More recent history...
I and my husband are both heavily involved in our children's sports. I noticed what I thought was an inappropriate relationship starting between my husband and another coach. It wasn't anything major - just joking around, talking what seemed was more than necessary, etc. I even told a good friend at one point that I just didn't trust this OW. She told me that she didn't think that I should worry. A couple of months goes by and I start noticing the little signs that are red flags in our relationship... the cell phone is starting to be on silent more often, he wants to take separate cars more often than not, I find the Find My IPhone app has been turned off on his phone, he's starting to watch porn more often, and finally we are beginning to fight more often. In the last couple of weeks the fights are happening about every other night and range from the very stupid to the somewhat stupid (most often about sex).
On Friday...
I get a phone call in the middle of the night from his brother but decide I don't want to answer it. But then I get worried that something happened. So I get up to check his phone and find text messages from his brother about his mom being put in the hospital followed by text messages from the OW. One of the first things I read is from her asking if he enjoys her company. His response is that he likes it more than she thinks. Her response was "Just for the sex or bc I'm just that awesome??!!" I am floored. I had suspicions but hadn't thought it had gone that far. I want to wake him up and confront him right away, but I don't. His mom has been in and out of the hospital for months with liver and kidney failure and I knew that this time was probably the last. He lost his dad at age 20 and now at 36 he is about to lose his mom. 
My dilemma...
It has been a couple of days. I am not sure that I am really in love with him anymore. I think I know this now because I haven't cried once since I read those messages. I actually don't feel much of anything. I still care about him though. I don't want to put him through a divorce while is mother is on her deathbed (she is in hospice now). But then again I don't know how long I can keep on pretending everything is okay. He blames all the fights/issues we've been having on his worry about losing his mother. And I know it is no excuse but I worry about our kids (ages 10 and 7) the effect this will have on them. They really have no idea that we are having problems (at least I don't think they have an idea). I don't want to be a part-time mom. I love my kids more than life and the idea of sharing them and not having them with me kills me. In fact I am tearing up now over this when I haven't teared up over anything else lately. I don't want to reconcile for their sake because I feel like that's what I did last time and look where it's gotten me.
I guess I'm just back to being sad and confused about what my next step should be. I have begun gathering information again. He is deleting her messages from his phone (I know because I can see online what numbers he sends/receives messages from). I added Find My iPhone back on his phone this morning while he was sleeping. And now I'm here writing all this down, hoping I will have a moment of clarity about what to do. Any advice or words of encouragement at this point are welcomed...


----------



## Chaparral (Jul 17, 2011)

Here is a link that will help you get your life back in order if you can find the strength to follow it. 

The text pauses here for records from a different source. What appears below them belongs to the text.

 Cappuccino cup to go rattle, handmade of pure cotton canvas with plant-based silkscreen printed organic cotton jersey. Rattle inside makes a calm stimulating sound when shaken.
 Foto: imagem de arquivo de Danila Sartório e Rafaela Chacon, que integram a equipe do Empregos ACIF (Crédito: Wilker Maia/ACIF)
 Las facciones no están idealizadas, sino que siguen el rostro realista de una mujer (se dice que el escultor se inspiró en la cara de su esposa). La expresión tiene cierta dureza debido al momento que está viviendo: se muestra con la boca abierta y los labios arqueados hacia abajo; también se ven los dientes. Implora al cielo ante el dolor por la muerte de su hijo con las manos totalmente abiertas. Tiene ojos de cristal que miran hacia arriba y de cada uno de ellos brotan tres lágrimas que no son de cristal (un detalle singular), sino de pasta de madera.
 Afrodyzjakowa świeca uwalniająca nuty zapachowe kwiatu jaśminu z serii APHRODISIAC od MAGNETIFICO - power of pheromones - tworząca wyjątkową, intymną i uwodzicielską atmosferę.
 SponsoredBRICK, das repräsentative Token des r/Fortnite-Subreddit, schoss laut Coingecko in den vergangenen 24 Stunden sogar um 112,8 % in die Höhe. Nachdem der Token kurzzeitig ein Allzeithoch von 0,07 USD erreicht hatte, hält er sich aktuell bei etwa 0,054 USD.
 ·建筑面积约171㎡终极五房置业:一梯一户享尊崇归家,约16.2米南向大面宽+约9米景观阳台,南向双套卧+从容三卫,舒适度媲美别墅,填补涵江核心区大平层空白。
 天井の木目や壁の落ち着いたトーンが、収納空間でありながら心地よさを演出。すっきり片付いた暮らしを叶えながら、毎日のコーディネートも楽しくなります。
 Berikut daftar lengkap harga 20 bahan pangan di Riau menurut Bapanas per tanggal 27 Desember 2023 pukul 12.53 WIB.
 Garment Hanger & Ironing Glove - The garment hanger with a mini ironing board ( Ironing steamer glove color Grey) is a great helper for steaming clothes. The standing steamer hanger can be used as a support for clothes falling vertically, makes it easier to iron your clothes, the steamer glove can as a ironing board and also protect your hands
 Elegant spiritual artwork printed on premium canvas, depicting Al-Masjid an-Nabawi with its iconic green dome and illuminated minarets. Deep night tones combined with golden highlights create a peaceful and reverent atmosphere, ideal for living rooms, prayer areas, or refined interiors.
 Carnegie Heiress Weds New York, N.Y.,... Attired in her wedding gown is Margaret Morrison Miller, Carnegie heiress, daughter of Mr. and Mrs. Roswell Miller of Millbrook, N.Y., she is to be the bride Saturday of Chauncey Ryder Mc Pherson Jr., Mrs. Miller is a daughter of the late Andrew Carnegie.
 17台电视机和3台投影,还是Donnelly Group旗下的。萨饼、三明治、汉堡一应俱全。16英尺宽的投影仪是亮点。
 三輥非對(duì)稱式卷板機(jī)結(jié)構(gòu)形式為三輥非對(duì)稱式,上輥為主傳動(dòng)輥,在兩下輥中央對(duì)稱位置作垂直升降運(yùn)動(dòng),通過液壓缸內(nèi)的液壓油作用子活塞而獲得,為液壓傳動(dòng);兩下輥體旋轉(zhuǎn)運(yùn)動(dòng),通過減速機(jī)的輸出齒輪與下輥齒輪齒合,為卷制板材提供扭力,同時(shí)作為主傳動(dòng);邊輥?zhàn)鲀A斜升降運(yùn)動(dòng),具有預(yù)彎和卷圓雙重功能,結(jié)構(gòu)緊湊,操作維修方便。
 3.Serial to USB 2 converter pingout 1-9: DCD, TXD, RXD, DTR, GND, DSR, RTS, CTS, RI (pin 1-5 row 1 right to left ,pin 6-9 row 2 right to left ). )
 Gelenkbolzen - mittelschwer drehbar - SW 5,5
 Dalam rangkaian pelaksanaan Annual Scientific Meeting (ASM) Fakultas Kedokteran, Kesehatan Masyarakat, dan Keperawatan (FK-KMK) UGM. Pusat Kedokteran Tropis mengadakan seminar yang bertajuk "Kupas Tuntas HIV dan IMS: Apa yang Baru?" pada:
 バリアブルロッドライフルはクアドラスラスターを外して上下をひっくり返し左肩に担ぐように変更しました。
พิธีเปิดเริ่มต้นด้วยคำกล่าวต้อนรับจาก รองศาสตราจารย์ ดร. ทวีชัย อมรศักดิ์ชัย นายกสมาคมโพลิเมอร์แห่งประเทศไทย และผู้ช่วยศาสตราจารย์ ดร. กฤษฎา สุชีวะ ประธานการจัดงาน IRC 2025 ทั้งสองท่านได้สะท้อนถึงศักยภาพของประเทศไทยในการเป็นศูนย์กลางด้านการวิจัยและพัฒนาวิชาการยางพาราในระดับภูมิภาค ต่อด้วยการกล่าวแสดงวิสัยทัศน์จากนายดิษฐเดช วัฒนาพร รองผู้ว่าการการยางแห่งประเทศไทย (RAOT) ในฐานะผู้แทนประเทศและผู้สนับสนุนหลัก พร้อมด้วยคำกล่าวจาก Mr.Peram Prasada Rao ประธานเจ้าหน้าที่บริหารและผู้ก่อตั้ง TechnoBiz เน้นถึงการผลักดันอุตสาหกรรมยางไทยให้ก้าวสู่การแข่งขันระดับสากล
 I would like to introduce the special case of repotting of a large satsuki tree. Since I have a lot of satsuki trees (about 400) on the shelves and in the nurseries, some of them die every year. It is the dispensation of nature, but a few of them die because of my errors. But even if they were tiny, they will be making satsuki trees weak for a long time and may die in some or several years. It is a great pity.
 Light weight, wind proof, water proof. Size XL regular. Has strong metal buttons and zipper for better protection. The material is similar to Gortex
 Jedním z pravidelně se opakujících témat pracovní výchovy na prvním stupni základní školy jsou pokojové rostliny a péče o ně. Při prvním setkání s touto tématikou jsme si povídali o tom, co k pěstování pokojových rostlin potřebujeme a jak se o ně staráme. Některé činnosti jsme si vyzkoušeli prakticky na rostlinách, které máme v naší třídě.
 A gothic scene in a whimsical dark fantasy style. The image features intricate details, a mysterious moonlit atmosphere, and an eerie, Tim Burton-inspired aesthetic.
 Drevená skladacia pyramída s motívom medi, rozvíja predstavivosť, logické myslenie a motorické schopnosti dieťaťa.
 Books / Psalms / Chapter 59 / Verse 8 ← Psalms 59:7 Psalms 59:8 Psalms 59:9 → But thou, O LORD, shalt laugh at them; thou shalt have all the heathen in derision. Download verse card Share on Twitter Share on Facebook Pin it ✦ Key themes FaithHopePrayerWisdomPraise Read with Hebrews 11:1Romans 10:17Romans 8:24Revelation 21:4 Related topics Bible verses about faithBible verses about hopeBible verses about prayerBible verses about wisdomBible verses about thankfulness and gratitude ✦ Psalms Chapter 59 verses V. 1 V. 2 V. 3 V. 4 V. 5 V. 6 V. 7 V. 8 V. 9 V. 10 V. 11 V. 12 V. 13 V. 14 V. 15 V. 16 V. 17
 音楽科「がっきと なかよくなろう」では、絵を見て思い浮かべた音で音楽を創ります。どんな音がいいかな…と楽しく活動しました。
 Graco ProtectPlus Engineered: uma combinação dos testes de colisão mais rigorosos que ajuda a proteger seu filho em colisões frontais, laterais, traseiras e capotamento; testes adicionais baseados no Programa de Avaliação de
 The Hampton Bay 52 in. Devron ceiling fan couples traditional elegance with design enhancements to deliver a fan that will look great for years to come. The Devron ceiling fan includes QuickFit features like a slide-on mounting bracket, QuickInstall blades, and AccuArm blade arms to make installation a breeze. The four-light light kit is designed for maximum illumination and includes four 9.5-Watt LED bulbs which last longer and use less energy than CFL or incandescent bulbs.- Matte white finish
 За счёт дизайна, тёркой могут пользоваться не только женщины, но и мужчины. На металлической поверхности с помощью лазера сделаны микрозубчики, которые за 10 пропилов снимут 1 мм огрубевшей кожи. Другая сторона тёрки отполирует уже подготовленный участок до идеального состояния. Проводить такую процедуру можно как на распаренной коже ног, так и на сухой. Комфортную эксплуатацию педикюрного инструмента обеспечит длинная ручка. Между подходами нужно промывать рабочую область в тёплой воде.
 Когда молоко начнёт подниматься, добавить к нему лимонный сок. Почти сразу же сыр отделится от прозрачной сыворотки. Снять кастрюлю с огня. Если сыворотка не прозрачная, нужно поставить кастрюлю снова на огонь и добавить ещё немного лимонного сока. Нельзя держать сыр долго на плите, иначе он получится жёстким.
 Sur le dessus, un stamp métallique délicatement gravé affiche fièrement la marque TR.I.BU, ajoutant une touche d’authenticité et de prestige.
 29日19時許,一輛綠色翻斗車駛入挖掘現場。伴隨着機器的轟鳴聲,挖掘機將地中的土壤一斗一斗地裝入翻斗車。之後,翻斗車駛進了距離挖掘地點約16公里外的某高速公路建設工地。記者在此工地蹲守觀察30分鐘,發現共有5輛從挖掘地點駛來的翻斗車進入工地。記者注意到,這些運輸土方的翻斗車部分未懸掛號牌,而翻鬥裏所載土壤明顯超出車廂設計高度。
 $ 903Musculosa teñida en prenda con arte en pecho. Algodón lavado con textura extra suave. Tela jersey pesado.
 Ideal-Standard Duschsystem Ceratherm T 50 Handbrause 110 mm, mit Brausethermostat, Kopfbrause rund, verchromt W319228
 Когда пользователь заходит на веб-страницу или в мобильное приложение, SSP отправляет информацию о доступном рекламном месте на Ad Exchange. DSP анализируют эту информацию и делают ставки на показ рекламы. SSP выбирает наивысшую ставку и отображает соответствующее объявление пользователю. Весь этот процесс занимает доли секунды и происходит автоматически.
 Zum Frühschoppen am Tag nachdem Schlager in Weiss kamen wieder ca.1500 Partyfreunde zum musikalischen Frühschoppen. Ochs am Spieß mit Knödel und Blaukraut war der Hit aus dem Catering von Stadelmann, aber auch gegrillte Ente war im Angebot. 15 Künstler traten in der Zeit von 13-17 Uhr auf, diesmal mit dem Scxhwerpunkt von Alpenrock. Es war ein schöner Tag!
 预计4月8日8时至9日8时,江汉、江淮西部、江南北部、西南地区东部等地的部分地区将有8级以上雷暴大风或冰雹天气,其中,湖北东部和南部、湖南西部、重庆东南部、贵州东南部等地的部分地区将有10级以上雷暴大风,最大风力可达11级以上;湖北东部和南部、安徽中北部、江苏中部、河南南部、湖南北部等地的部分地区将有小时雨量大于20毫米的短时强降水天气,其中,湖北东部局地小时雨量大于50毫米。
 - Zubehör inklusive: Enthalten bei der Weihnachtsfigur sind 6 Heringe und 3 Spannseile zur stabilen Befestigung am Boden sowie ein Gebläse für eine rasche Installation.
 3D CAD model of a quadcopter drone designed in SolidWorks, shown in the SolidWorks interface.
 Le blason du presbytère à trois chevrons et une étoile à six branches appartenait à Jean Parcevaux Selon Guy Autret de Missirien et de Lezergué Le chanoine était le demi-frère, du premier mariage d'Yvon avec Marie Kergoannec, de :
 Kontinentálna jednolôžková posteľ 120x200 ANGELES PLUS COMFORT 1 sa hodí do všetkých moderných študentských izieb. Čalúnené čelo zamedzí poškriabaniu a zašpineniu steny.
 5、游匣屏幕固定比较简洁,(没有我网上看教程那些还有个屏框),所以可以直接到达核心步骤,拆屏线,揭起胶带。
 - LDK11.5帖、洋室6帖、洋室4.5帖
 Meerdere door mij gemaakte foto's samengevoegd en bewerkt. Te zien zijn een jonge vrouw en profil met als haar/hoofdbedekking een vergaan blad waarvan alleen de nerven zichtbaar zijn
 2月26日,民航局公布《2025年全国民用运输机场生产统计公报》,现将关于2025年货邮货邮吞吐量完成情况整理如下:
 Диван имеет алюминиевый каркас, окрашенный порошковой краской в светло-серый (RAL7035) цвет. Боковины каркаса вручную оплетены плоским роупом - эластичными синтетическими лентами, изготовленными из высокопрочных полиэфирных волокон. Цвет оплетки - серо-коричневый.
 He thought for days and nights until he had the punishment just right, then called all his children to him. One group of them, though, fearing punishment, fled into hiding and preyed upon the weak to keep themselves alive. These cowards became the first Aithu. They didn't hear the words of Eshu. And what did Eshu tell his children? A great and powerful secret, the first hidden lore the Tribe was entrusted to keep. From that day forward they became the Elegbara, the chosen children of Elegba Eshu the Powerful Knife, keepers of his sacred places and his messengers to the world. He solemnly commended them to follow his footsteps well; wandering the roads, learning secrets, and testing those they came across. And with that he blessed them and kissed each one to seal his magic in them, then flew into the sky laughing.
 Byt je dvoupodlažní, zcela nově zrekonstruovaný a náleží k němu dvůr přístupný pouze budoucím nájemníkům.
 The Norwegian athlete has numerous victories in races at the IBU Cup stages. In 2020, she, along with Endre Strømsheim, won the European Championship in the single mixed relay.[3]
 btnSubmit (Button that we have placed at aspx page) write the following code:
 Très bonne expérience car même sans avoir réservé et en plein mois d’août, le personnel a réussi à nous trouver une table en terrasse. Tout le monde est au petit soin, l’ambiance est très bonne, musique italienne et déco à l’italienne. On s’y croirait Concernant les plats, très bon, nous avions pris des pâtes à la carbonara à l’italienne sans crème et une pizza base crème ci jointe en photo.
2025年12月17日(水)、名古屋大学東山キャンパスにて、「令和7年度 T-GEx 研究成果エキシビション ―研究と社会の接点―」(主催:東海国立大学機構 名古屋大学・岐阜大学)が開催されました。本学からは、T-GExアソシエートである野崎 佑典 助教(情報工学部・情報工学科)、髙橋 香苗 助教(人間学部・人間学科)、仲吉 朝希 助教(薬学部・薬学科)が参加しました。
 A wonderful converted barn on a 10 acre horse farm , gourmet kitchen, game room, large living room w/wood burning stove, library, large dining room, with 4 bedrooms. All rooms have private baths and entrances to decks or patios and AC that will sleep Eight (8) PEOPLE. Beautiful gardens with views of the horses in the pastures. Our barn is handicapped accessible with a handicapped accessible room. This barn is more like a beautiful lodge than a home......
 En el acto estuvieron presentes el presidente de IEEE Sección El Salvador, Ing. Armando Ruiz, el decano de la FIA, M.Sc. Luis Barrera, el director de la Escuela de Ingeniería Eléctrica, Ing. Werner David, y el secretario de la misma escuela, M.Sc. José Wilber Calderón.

Good luck on the rest of your life, you can find someone who deserves you and is not a creep.

The Healing Heart: The 180


----------



## Headspin (May 13, 2012)

Sorry to hear all this Sosad

However the reality of this is that he's running rings around you and clearly has no intention of giving up this OW and has he's been at this for years now 

It will, I feel, sadly end in one way only. 

Again there's is a really really annoying aspect of this about control and manipulation.

Here are you thinking 'well I cant deal with all this now because of his sadly ill mother'. Thing is you/we tend to say that as if he, perpetrator of all this, does not know about his mother's terrible predicament!. 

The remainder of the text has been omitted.